# What kind of bait do you use for carp?



## buckeyesailor (Jun 16, 2011)

In the past I've used dough balls made of wheaties and either rootbeer or vanilla. Last weekend my fishing buddy showed me his favorite: wonderbread. Tear the corners off, place the hook from the tear end towards the point, fold it over and press down around the hook. It'll float pretty good. We hooked into some big fish.

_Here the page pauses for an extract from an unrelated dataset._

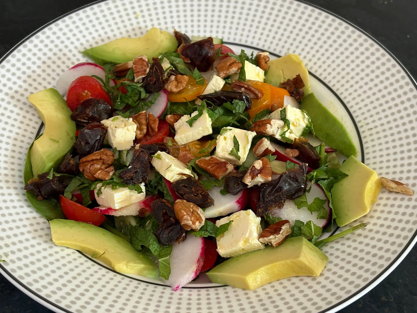 Lunch was a salad made with avocado, feta cheese, tomatoes, radish, mint, pecans (again) and dates. Delicious!

What works best for you guys?


----------



## sherman51 (Apr 12, 2011)

i went out to our local lake one time and run into a couple of friends on there pontoon. they had carp stacked up. i asked what they got them on and was told a pine float. so being alittle slow i asked what kinda bait is a pine float. he bent over and picked up this 8' 2x4.LOL. he said they get up in the shallow water and when a big school of them get on top he just let it fly. then they just dip them up. so i asked what they were going to do with them. he said he was going to use them in his garden as fertalizer. hey it worked, he had a beautiful garden.LOL. go get some.
sherman


----------



## fallen513 (Jan 5, 2010)

Beat'm to death with a 2x4. That's the first time I heard that one. LOL!


----------



## Garyoutlaw77 (Feb 3, 2005)

*Bread* is heard to beat, even on waters that don't see it offered from people feeding the Ducks/Geese
*Sweet corn* right out of the can & easy to flavor
*Boiled Field Corn* - super easy to chum


----------



## Whaler (Nov 16, 2004)

I've caught two carp at Milton this Spring so far. One was caught on a lead head jig with a piece of crawler casting and the other was caught on a reef runner ripper trolling. I wasn't carp fishing but those were two I caught. I used to use Wheaties for them years ago.


----------



## jparrish (Jun 15, 2011)

Today I got one with a minnow lewer..hooked him in the eye..I didnt want to get him like that but what could I do? tomorrow I want to get some bread and ball it up to see what I can get with that.. So to answer your question it seems bread is "The King" lol


----------